У Уилла мурашки ползли по коже при мысли о том, чтобы впустить Ганнибала в одно из очень немногих мест в своей жизни, где он чувствовал себя в безопасности. Но Уилл был хорошим рыбаком, как он уверял однажды Джека Кроуфорда, а хороший рыбак умеет правильно подобрать наживку. Одна рыба клюнет на креветку или кальмара. Другая будет гнаться за блестящей блесной. Некоторые предпочитают уже выпотрошенную добычу, другие реагируют только на живую и дёргающуюся. Это можно выяснить лишь путём проб и ошибок — испытывать разные наживки и следить за тем, какая из них побудит рыбу к действию. Уилл опробовал много наживок, чтобы приманить Ганнибала, но лучше всего работает та, которую больнее всего предлагать: близость. Чтобы Ганнибал заглотил приманку, Уиллу придётся самому оказаться на крючке.
Поэтому Уилл улыбнулся и ответил, что не возражает. Они договорились о встрече; Уилл взял коробку с рыболовными снастями, соорудил пару удочек и арендовал моторку, и вот они оказались здесь, снова наедине, и теперь медленно плыли по какому-то богом забытому притоку реки Потомак. Ганнибал разглядывал деревья, а Уилл осматривался в поисках хорошего места, чтобы бросить якорь и закинуть лески в воду.
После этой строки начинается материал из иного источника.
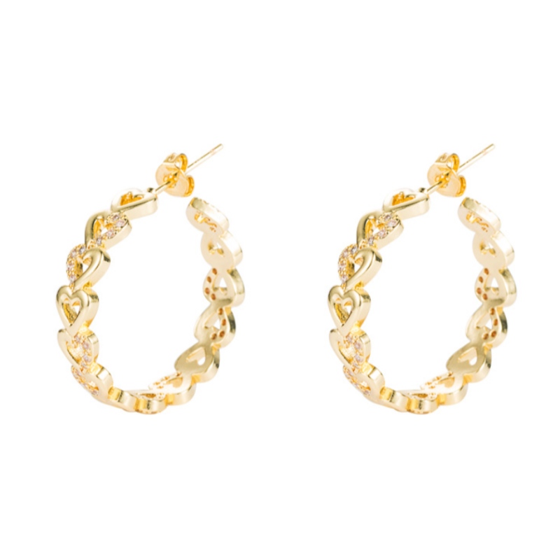ins style new European and American fashion geometric big ear hoop earrings female brass gold-plated micro-inlaid zirconium heart-shaped earrings
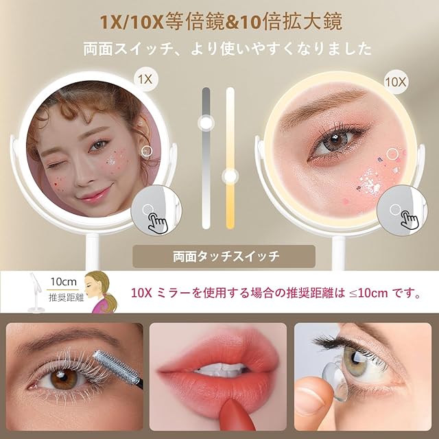 商品名:MILEDUO 鏡 化粧鏡 ライト付き 女優ミラー 等倍と10倍拡大 両面LEDミラー 三つ色モード 明るさ調節可能 360度回転 USB充電式 両面スイッチ タッチ式 卓上ミラー スタンドミラー
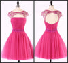 Sexy Open Back Hot Pink Beaded Cute homecoming prom dresses, CM0014
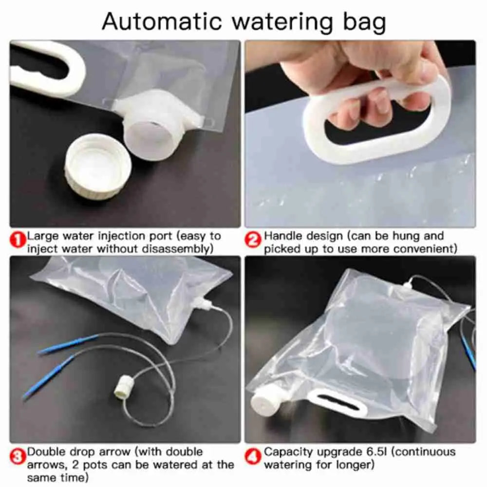 Norvo | Floriva Plante Vanning Bag | Opptil 30 Dager Automatisk Dryppvanning | Med Ventil & 1 m Slange | 2–6.5 L
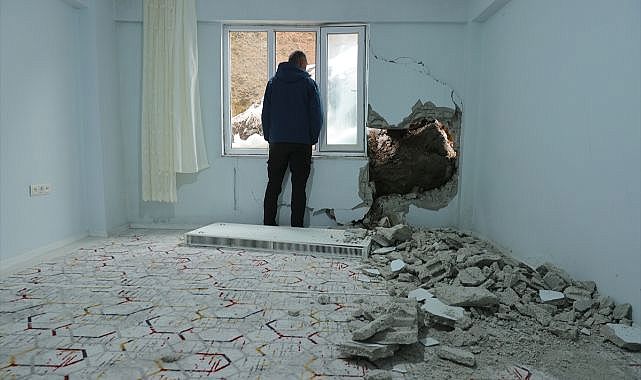 Karşıyaka Mahallesi'nde yamaçtan kopan büyük bir kaya parçası Yusuf Dayan'a ait 4 katlı binanın giriş katında bulunan dairedeki odanın duvarına çarptı.
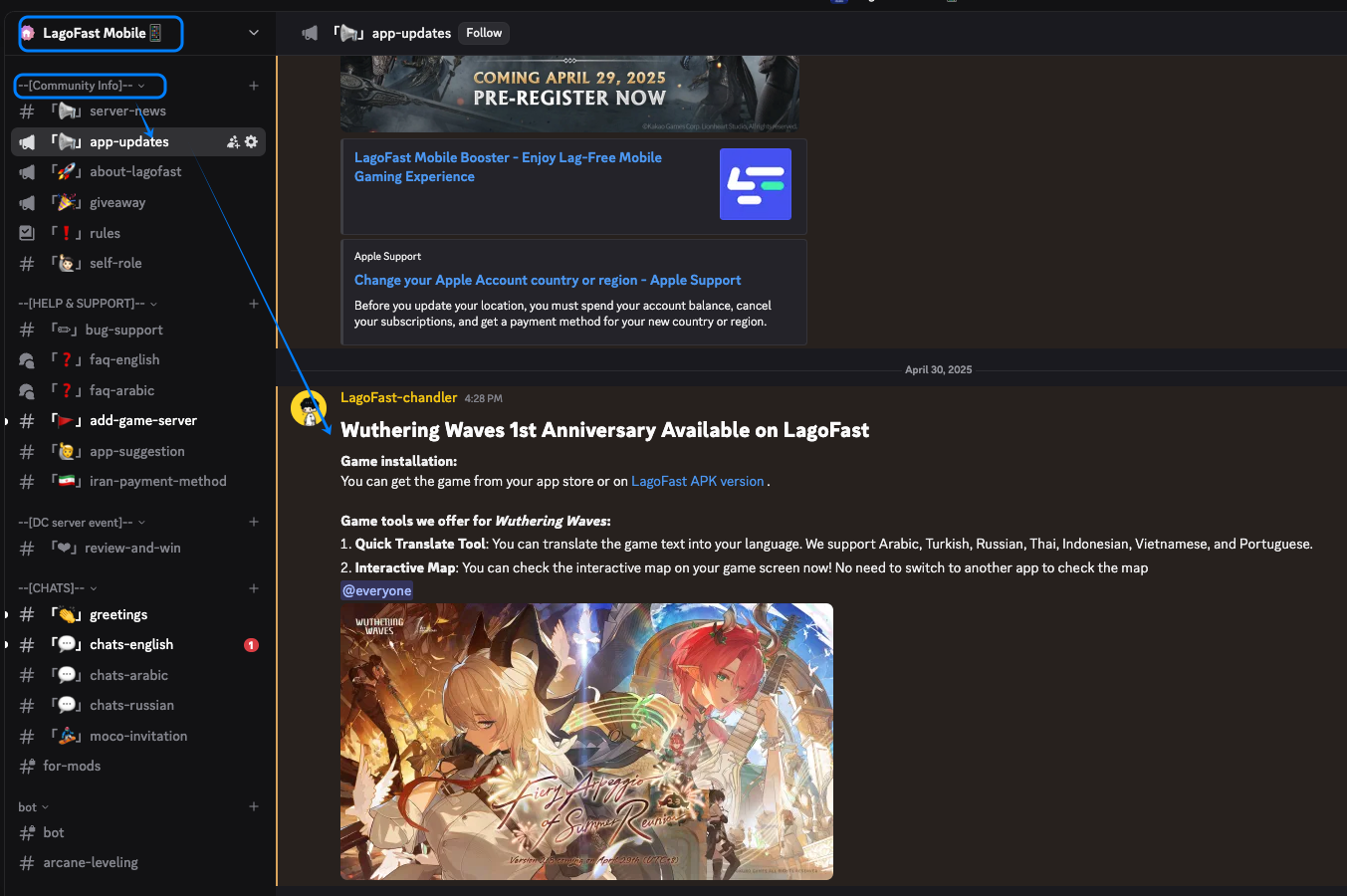 - Check the #app-update channel for step-by-step guides to bypass regional restrictions.
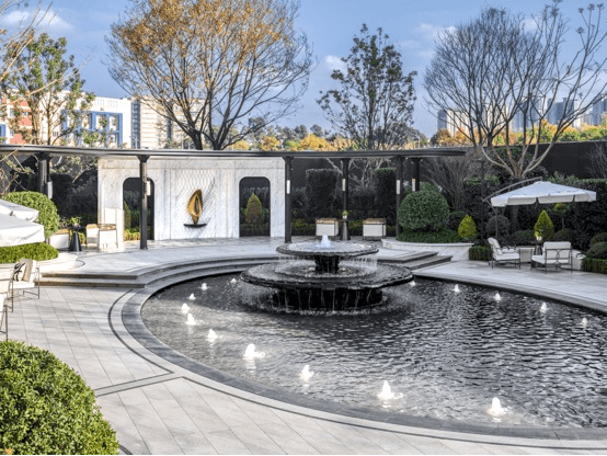 项目自面世以来,便把高定的氛围演绎的十分到位,从踏入景观园区的第一步就能直观感受到。定制的拼花地面与奢石景墙,传递出的奢贵感当你置身其中便能感知。景观花园则以国际园艺大师卢西亚诺的花园为灵感打造的园林景观,布局约4500㎡梦幻中庭+约1800㎡分龄奇趣园林,整体以黑白灰作为基调,打造了一座法式庄园。
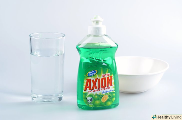 Змішайте 1/2 столової ложки рідини для миття посуду і 250 мл холодної води в мисці, щоб приготувати мильний розчин.
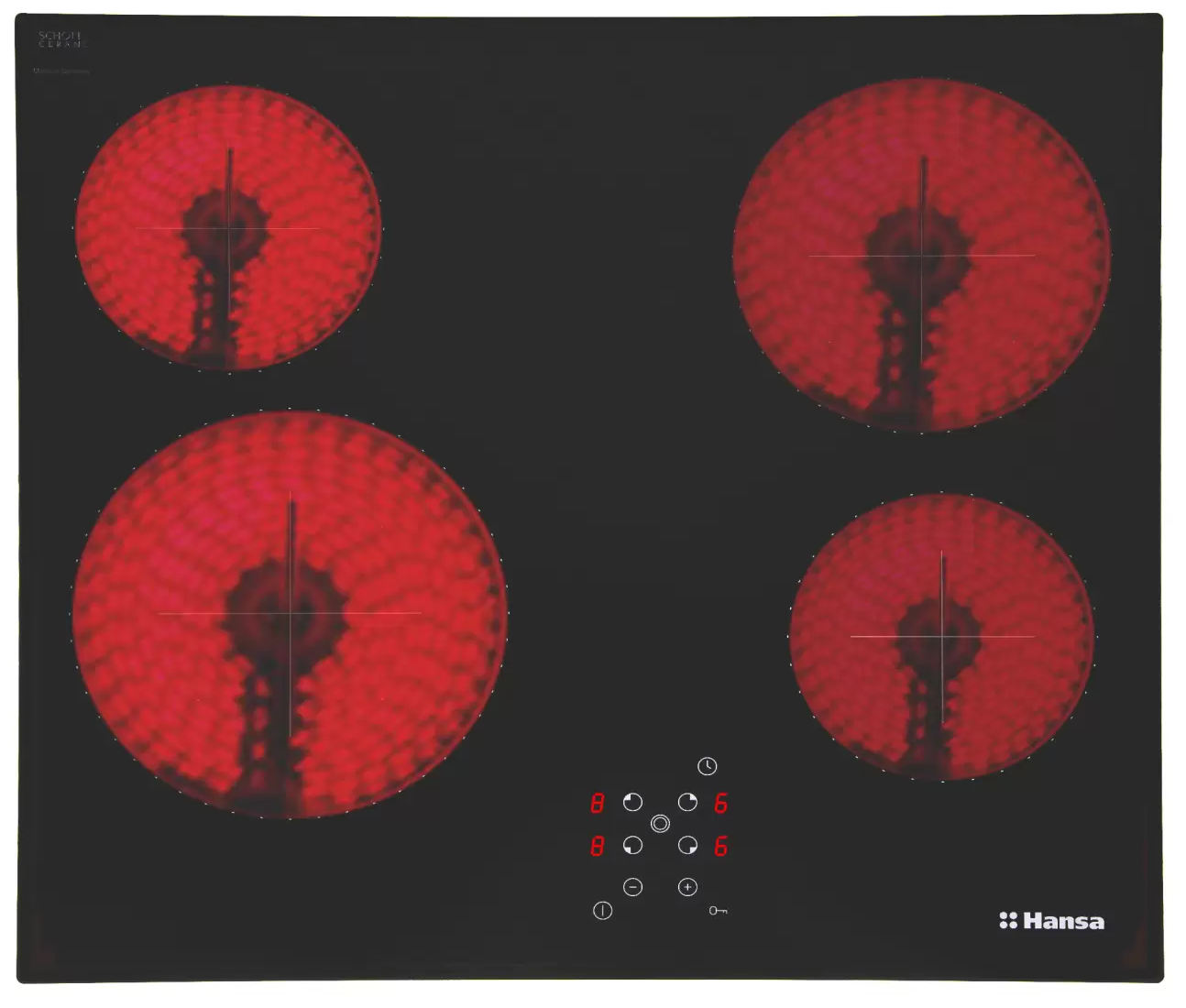 передняя левая зона нагрева 21/12 см, задняя левая зона нагрева 14.5 см, передняя правая зона нагрева 14.5 см, задняя правая зона нагрева 18/12 см
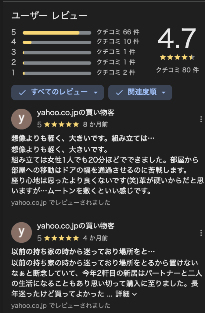 公式サイトにはレビュー情報が存在していなかったため、Google検索と楽天市場のレビュー情報を見てみます。レビュー数「28件で4.93」「80件で4.7」と高い評価だと思います。またレビューを読むと、大きさや革の固さに言及されている方がいました(固さ対策は後述します)。
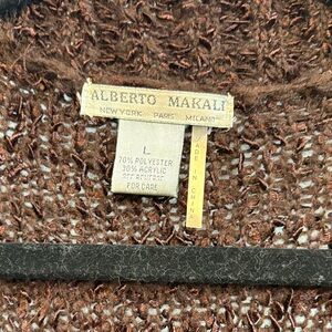 Elegant chocolate knit cardigan with intricate texture. Ideal for chic layering.
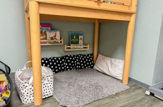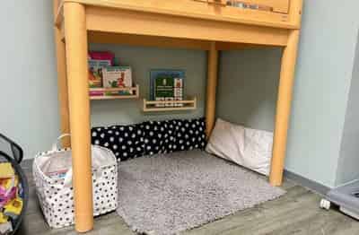 Elke dag start in onze ruime groepsruimte van 38 m², waar een grote tafel, verrijdbare bank en hoge stoelen staan. De kinderen kunnen zelf kiezen uit bakken met stapelblokken, Duplo en auto’s, terwijl de allerkleinsten veilig spelen in een lage grondbox. Een aparte speelruimte van 18 m² biedt een houten keukentje, verkleedkleren en een klimrek met glijbaan voor fantasierijk spel. De hal fungeert als extra leeshoek of thematische activiteitenplek.
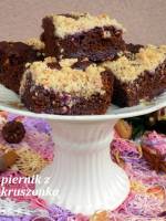 piernik z dżemem i kruszonką 183Wilgotny od dżemu piernik z chrupiącą kruszonką. Ciasto może nie typowo świąteczne ale do jesiennej kawki doskonałe. *foremka 25*34 cm Składniki: 10 łyżek mąki 10 łyżek cukru 10 łyżek mleka 400 g dżemu porzeczkowego 125 g masła 5 łyżek miodu łyżka kakao 3 jajka 2 łyżeczki sody oczyszczonej opakowanie przyprawy do piernika dodatkowo: 3 łyżki mąki 2 łyżki cukru(...)Żółtka utrzeć z cukrem. Do utartej masy dodać miód, następnie mąkę, i masło oraz 200 g dżemu Krótko zmiksować. Na końcu delikatnie łyżką wmieszać pianę z białek. Ciasto przełożyć do foremki wyścielonej papierem do pieczenia. Resztę dżemu wymieszać z mąką ziemniaczaną. Olej, mąkę, cynamon i cukier wymieszać tak, żeby powstała kruszonka (jeśli trzeba to dodać oleju). Ciasto wstawić
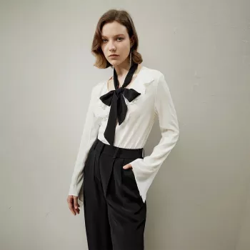 Silk Blouse with Trumpet Sleeves & Removable Tie
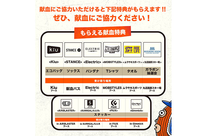 SNOWBANKの活動は、賛同・協力いただける「雪主」と呼ばれる個人及び企業、団体様からの寄付で成り立っている。1口2,000円からで寄付が可能だが、この献血の特典だけでも十分すぎる内容だ。

Когда Ганнибал начал говорить, его голос прозвучал громким выстрелом в неподвижном утреннем воздухе.
— Похоже, нас опередили.
Под вопросительным взглядом Уилла он указал в сторону берега чуть ниже по течению. Теперь и Уилл заметил покачивавшийся на мелководье оранжевый поплавок, привязанный к близстоящему дереву. Прищурившись, он перевёл взгляд на противоположный берег и убедился в своих подозрениях, когда заметил там точно такой же поплавок — кислотно-яркий, он выделялся на окружающем фоне как мазок красной помады в чёрно-белом фильме.
Уилл нахмурился.
— Перемёт.
Ганнибал поднял брови.
— Перемёт? — переспросил он, пробуя незнакомое слово на вкус.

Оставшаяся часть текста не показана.